GIVEN INFORMATION.
━━━━━━

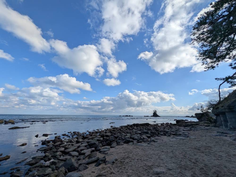 観光スポットでもある雨晴海岸(あまはらしかいがん)に向かいます。ここから立山連峰を眺められるのですが、水平線上に雲がかかって見れませんでした。
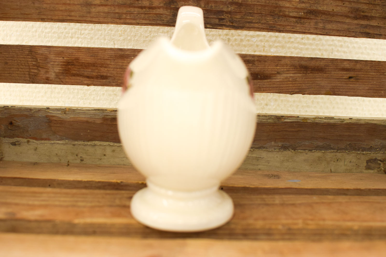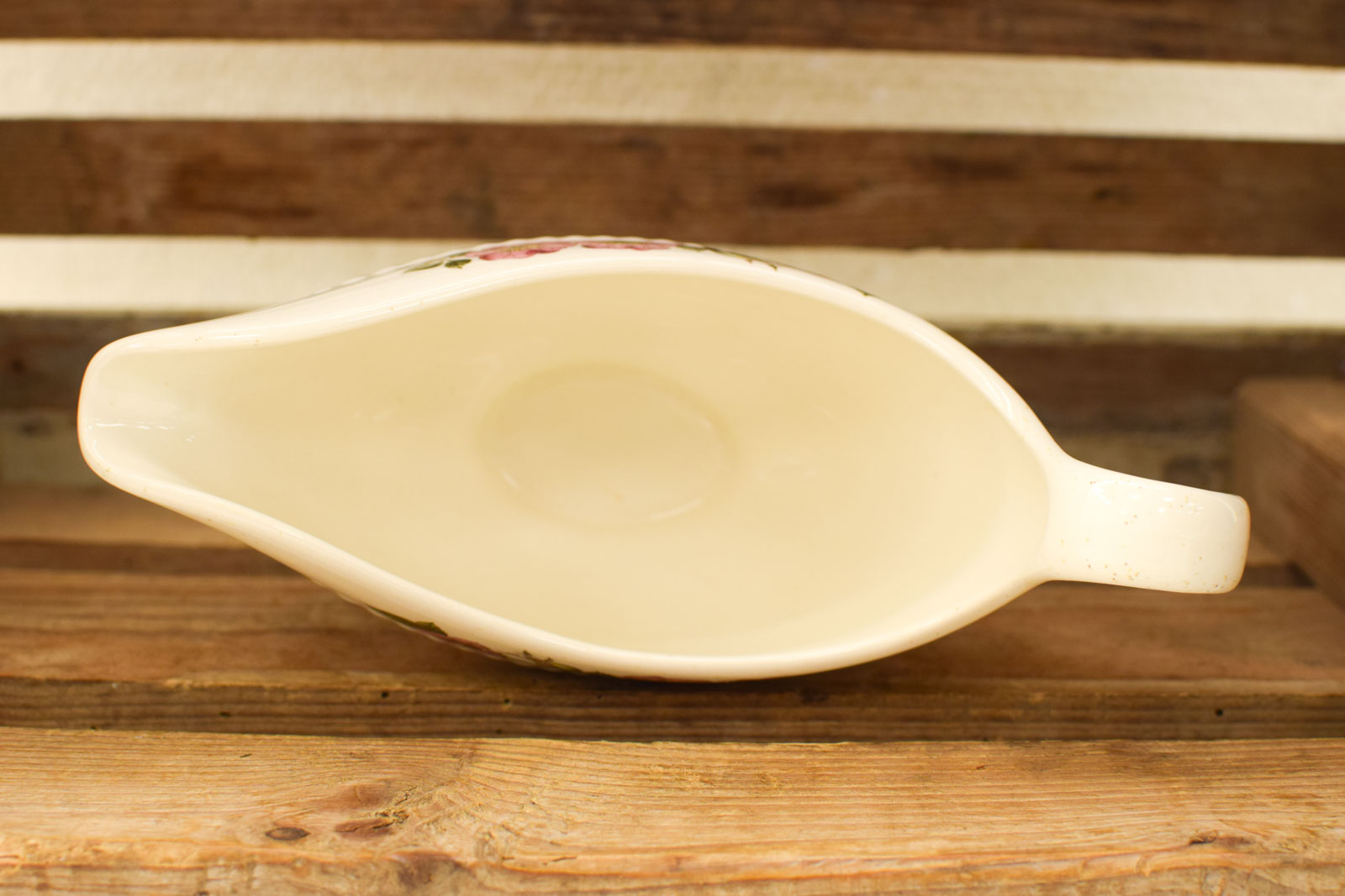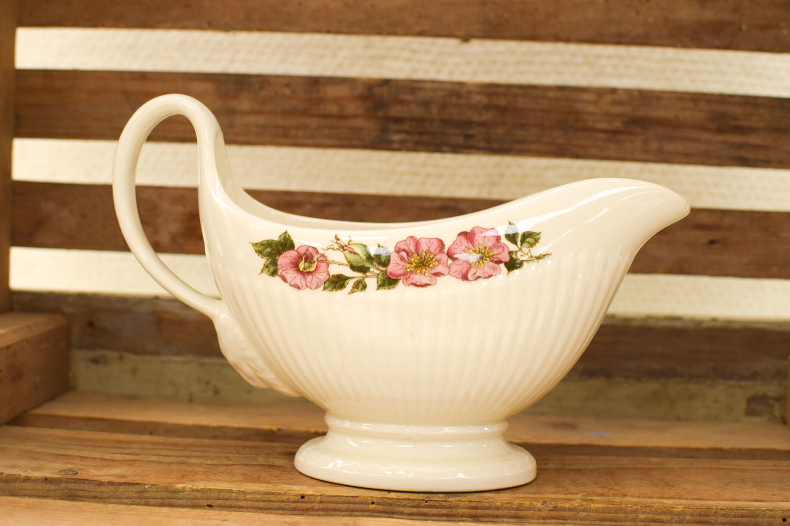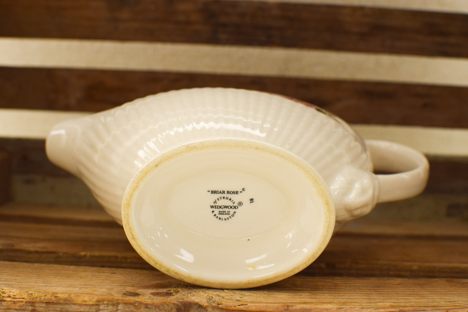 Dit Wedgwood porseleinen jus schaaltje hoort bij de geliefde Briar Rose collectie van Wedgwood. Het schaaltje heeft de kenmerkende pedestal vorm met een tuit en oor, waardoor het gemakkelijk in te gießen en vast te pakken is. De decoratie bestaat uit zacht roze bloemen met groene bladeren op crèmekleurige ondergrond, een klassieke Wedgwood-signatuur.
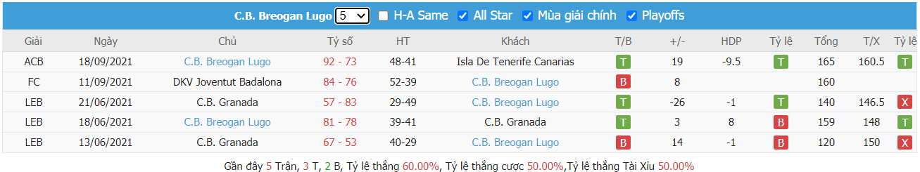 Thống kê về thành tích đối đầu của hai bên trong quá khứ cho thấy Real Betis CooSur hoàn toàn chưa được đánh giá cao khi đã để thua tới 5 trong 7 lần đối đầu gần nhất với chính Río Breogán cũng như đã có tới 3 lần chịu trắng tay sau 5 lần tiếp đón chính Río Breogán ngay trên sân nhà gần nhất. Trong số đó ở lần chạm mặt gần nhất Río Breogán đã giành được chiến thắng với tỉ số 108 – 101 khi đối đầu với chính Real Betis CooSur ngay trên sân nhà. Không những vậy Río Breogán cũng đã thắng kèo theo TLCA tới 2 trên 3 trận sân khách gần nhất tức đạt hiệu suất 67% trong khi Real Betis CooSur chỉ thắng kèo được 1 trong 2 trận đón khách đã qua. Như vậy thấy rõ dù đang sở hữu được lợi thế sân bãi nhưng không loại trừ khả năng Real Betis CooSur sẽ phải nhận thất bại đầu tiên trong mùa giải mới.
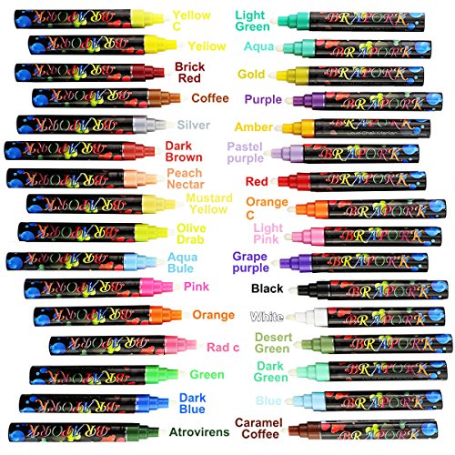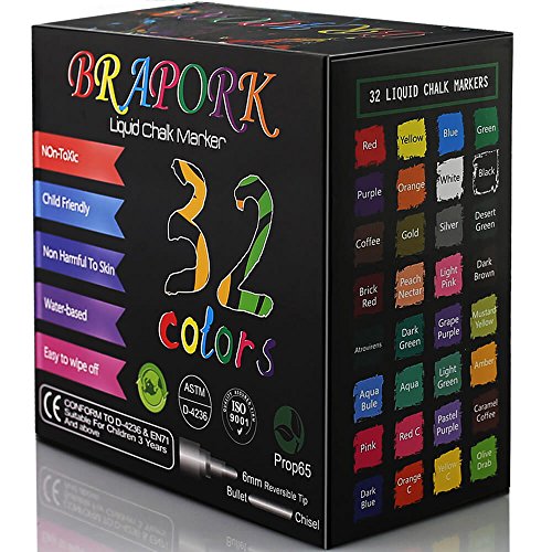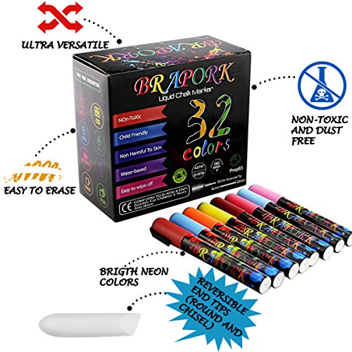 Brapork Liquid Chalk Markers [ Pack of 32 Color ] - For Chalkboard Signs, Blackboards, Glass, Windows, Car Doodle
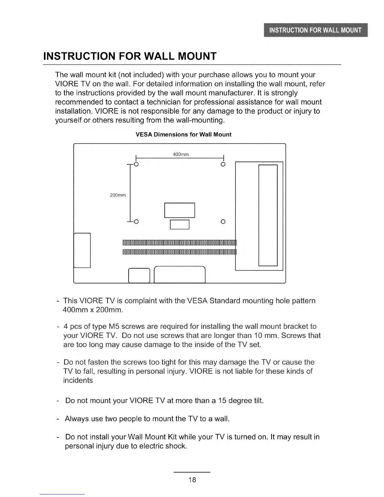 - Do not mount your VIORE TV at more than a 15 degree tilt.
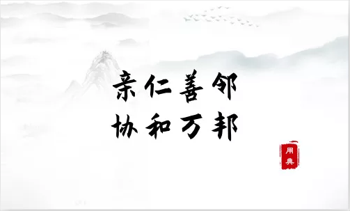 “親仁善鄰”“協(xié)和萬邦”引申到今天,就是與鄰邦之間和睦相處、守望相助,協(xié)調(diào)不同國(guó)家之間的關(guān)系,讓各個(gè)國(guó)家都能夠相互尊重、相互合作、共同發(fā)展。如今各國(guó)相互依存度持續(xù)增加,只有尊重、包容不同文明的存在,堅(jiān)持互利合作,納百家優(yōu)長(zhǎng),集八方精義,才能與世界各國(guó)一道,實(shí)現(xiàn)共同發(fā)展和共同繁榮。正如習(xí)近平所說,“未來之中國(guó),必將以更加開放的姿態(tài)擁抱世界、以更有活力的文明成就貢獻(xiàn)世界。”這也正是“親仁善鄰”“協(xié)和萬邦”表達(dá)的寓意。
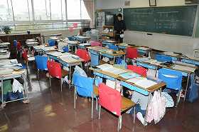 地震の放送とともに、子どもたちはまず命を守るために机の下へもぐります。揺れがおさまった後で、静かに教師の指示を聞き、素早く避難します。
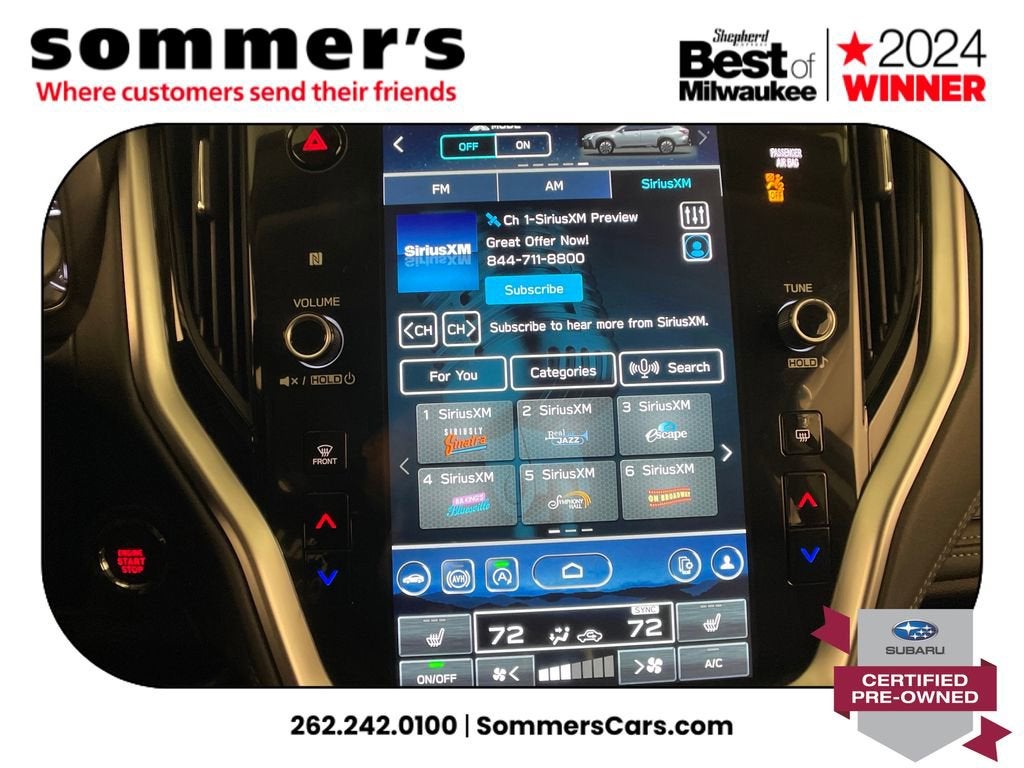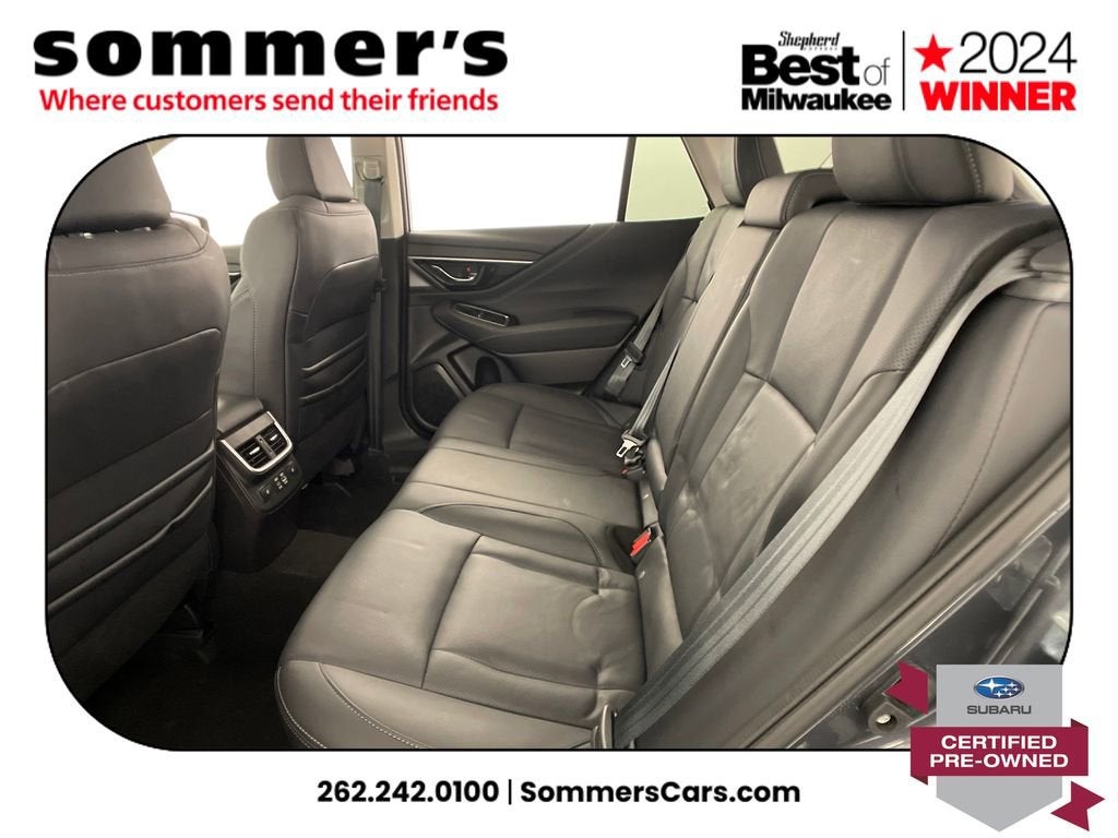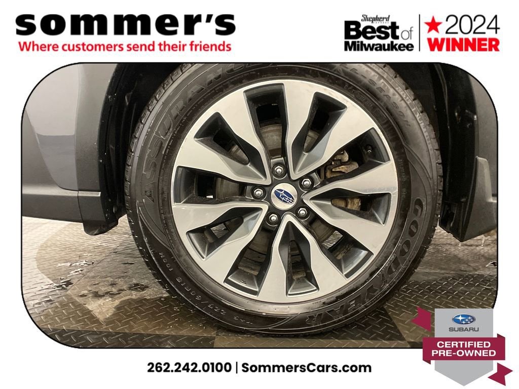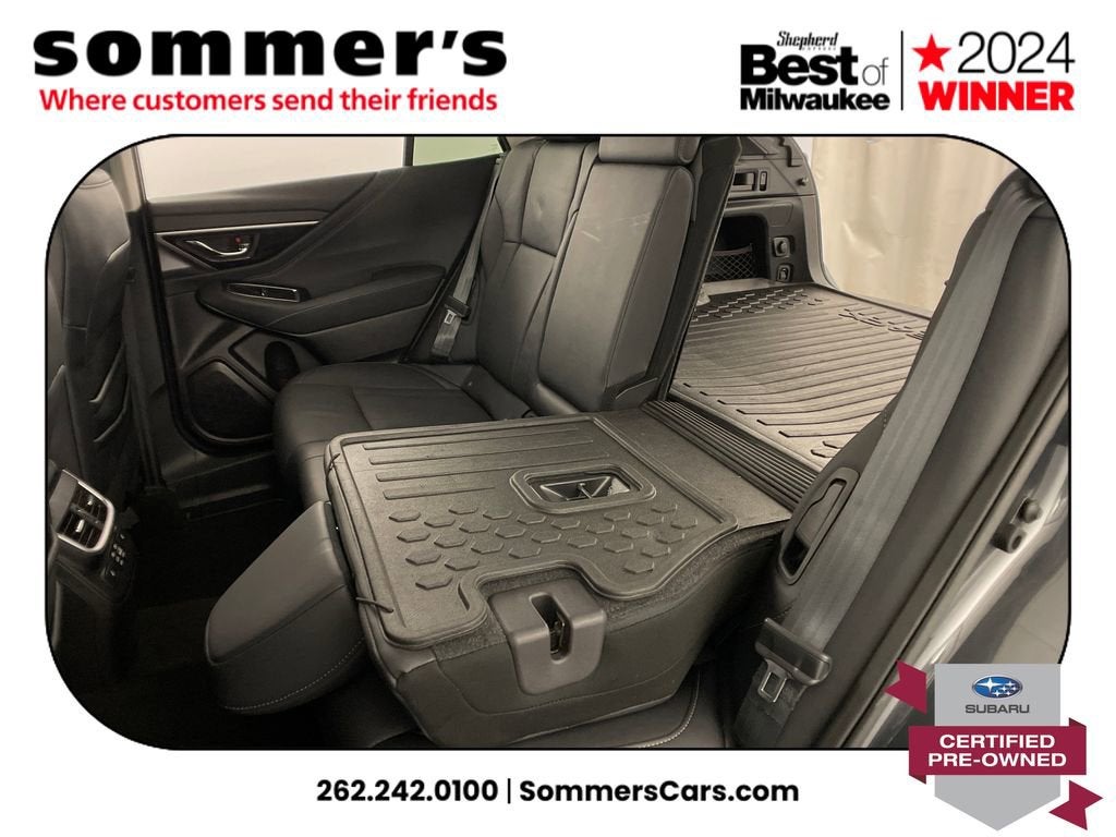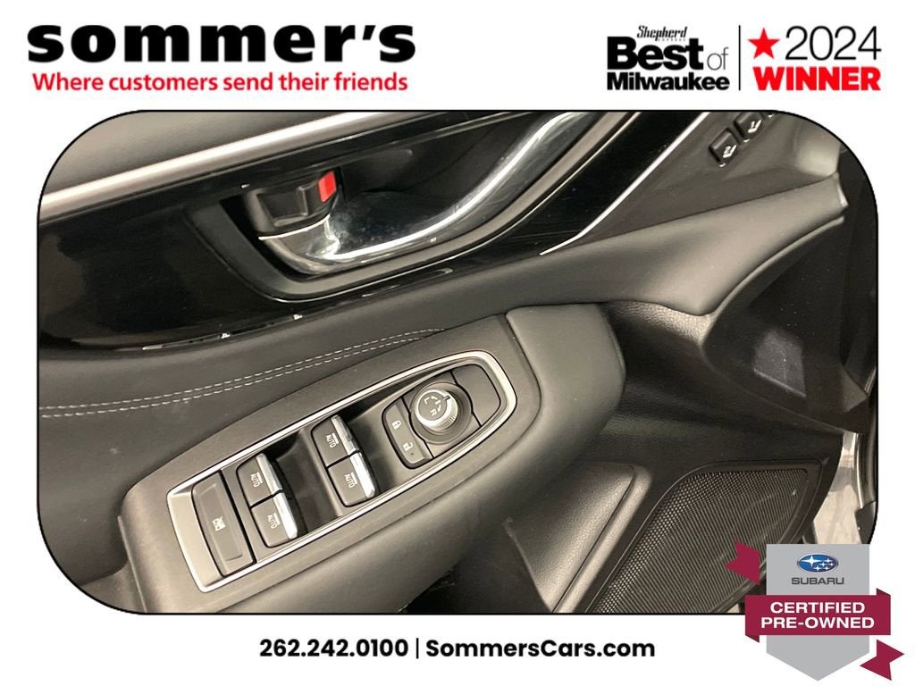 AWD | 2.5L H-4 | CVT w/dual shift mode | 26/32 MPG | Panoramic sun/moonroof | Heated front seats | Heated steering wheel | Leather seating surfaces | 10-way power driver seat w/memory & lumbar | Power passenger seat | Navigation & Premium Sound | Apple CarPlay & Android Auto | Wi-Fi hotspot & telematics | Hands-free power liftgate | Back-up camera | Blind spot monitor | Adaptive cruise w/lane keep & Evasion Assist | LED headlights w/Auto High Beam | Heated mirrors w/turn signals | Universal garage door opener

━━━━━━

TASK INSTRUCTIONS.
Within the listing above, the lines starting at the one containing "Brapork Liquid Chalk" and ending at the one containing "地震の放送とともに、子どもた" are to be returned exactly. Omit the pictures.

RESPONSE AREA.
 Brapork Liquid Chalk Markers [ Pack of 32 Color ] - For Chalkboard Signs, Blackboards, Glass, Windows, Car Doodle
 - Do not mount your VIORE TV at more than a 15 degree tilt.
 “親仁善鄰”“協(xié)和萬邦”引申到今天,就是與鄰邦之間和睦相處、守望相助,協(xié)調(diào)不同國(guó)家之間的關(guān)系,讓各個(gè)國(guó)家都能夠相互尊重、相互合作、共同發(fā)展。如今各國(guó)相互依存度持續(xù)增加,只有尊重、包容不同文明的存在,堅(jiān)持互利合作,納百家優(yōu)長(zhǎng),集八方精義,才能與世界各國(guó)一道,實(shí)現(xiàn)共同發(fā)展和共同繁榮。正如習(xí)近平所說,“未來之中國(guó),必將以更加開放的姿態(tài)擁抱世界、以更有活力的文明成就貢獻(xiàn)世界。”這也正是“親仁善鄰”“協(xié)和萬邦”表達(dá)的寓意。
 地震の放送とともに、子どもたちはまず命を守るために机の下へもぐります。揺れがおさまった後で、静かに教師の指示を聞き、素早く避難します。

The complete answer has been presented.